--- What the exercise asks ---
Will you write out the data exactly, excluding every picture?

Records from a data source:
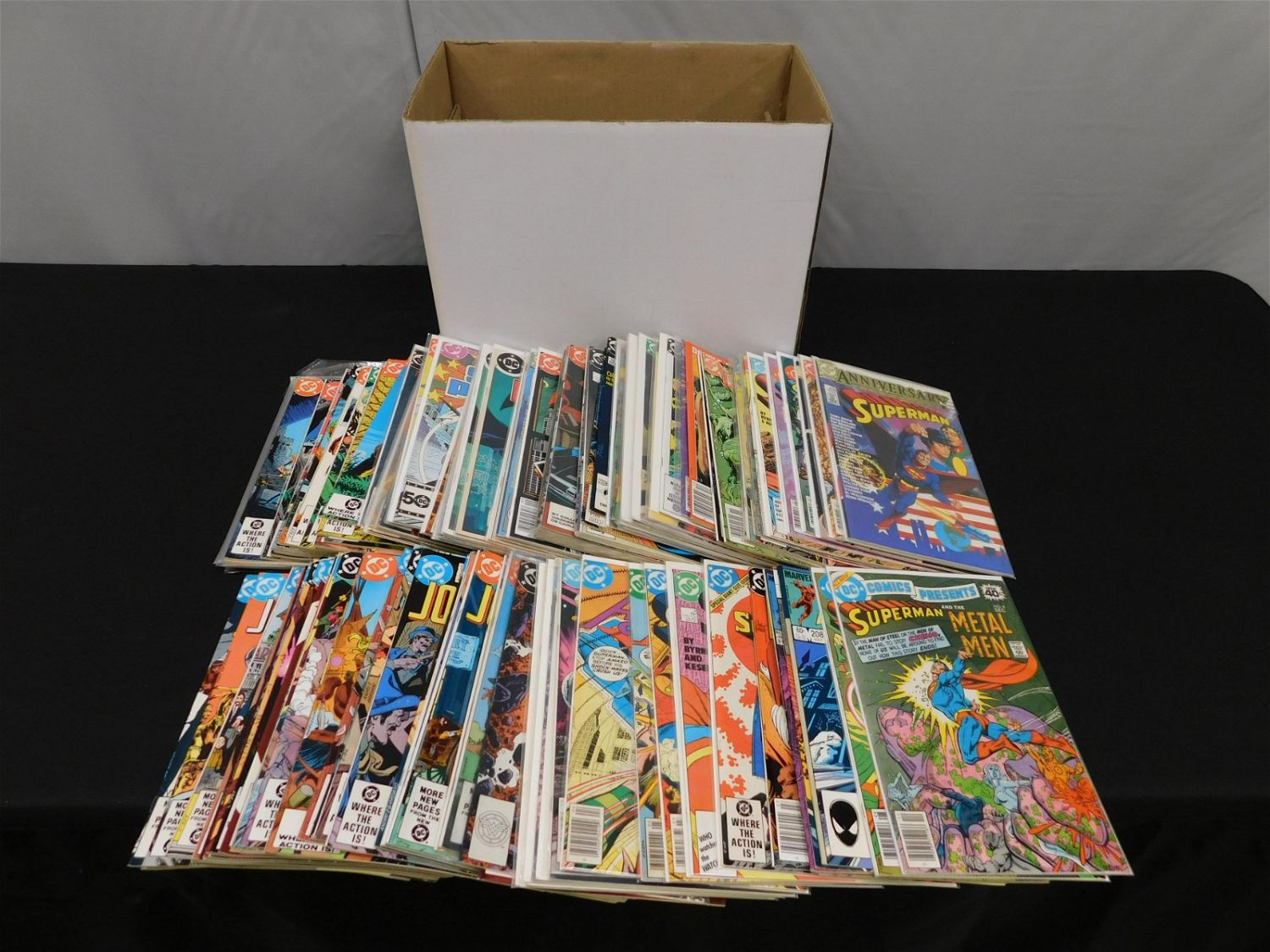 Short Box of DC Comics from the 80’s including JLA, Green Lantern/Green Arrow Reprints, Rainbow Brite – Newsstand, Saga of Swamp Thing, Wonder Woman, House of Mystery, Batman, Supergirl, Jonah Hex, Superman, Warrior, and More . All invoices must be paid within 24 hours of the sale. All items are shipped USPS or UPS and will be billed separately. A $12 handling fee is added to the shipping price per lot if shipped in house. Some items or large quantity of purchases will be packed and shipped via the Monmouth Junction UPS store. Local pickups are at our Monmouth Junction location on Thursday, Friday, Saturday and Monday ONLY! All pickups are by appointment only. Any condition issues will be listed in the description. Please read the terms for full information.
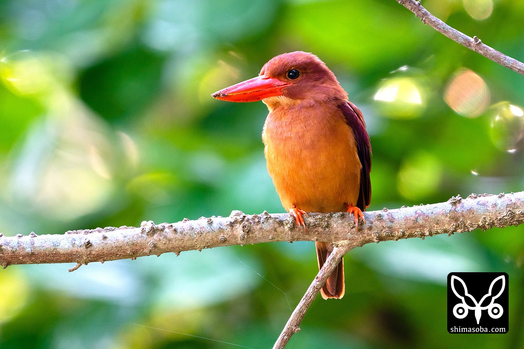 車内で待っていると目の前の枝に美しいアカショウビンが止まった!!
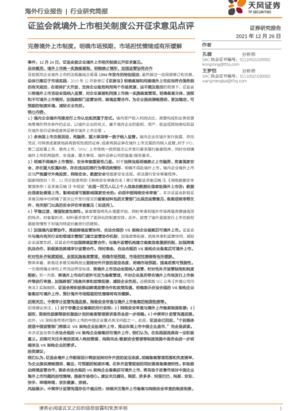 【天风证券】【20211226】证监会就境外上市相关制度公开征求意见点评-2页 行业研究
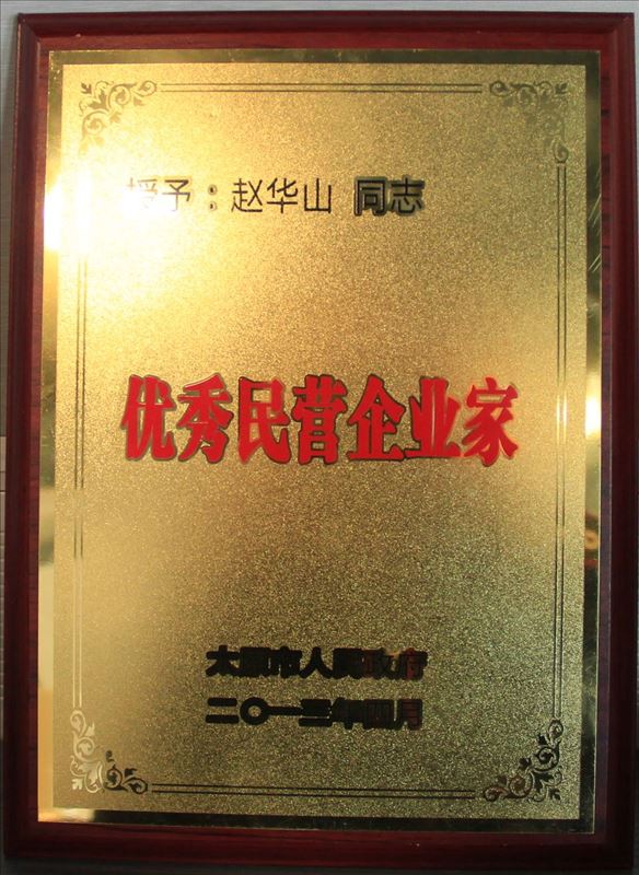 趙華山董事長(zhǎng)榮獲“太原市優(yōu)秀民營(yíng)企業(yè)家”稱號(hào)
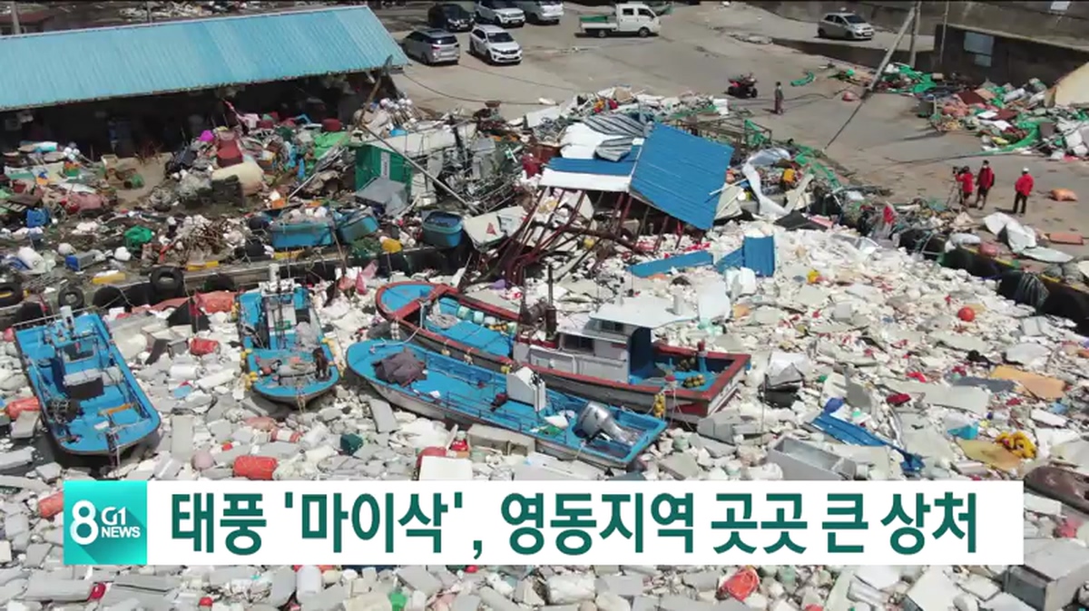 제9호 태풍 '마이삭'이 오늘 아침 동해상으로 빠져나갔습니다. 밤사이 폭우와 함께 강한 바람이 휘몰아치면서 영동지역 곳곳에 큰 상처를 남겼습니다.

--- Solved exercise ---
 Short Box of DC Comics from the 80’s including JLA, Green Lantern/Green Arrow Reprints, Rainbow Brite – Newsstand, Saga of Swamp Thing, Wonder Woman, House of Mystery, Batman, Supergirl, Jonah Hex, Superman, Warrior, and More . All invoices must be paid within 24 hours of the sale. All items are shipped USPS or UPS and will be billed separately. A $12 handling fee is added to the shipping price per lot if shipped in house. Some items or large quantity of purchases will be packed and shipped via the Monmouth Junction UPS store. Local pickups are at our Monmouth Junction location on Thursday, Friday, Saturday and Monday ONLY! All pickups are by appointment only. Any condition issues will be listed in the description. Please read the terms for full information.
 車内で待っていると目の前の枝に美しいアカショウビンが止まった!!
 【天风证券】【20211226】证监会就境外上市相关制度公开征求意见点评-2页 行业研究
 趙華山董事長(zhǎng)榮獲“太原市優(yōu)秀民營(yíng)企業(yè)家”稱號(hào)
 제9호 태풍 '마이삭'이 오늘 아침 동해상으로 빠져나갔습니다. 밤사이 폭우와 함께 강한 바람이 휘몰아치면서 영동지역 곳곳에 큰 상처를 남겼습니다.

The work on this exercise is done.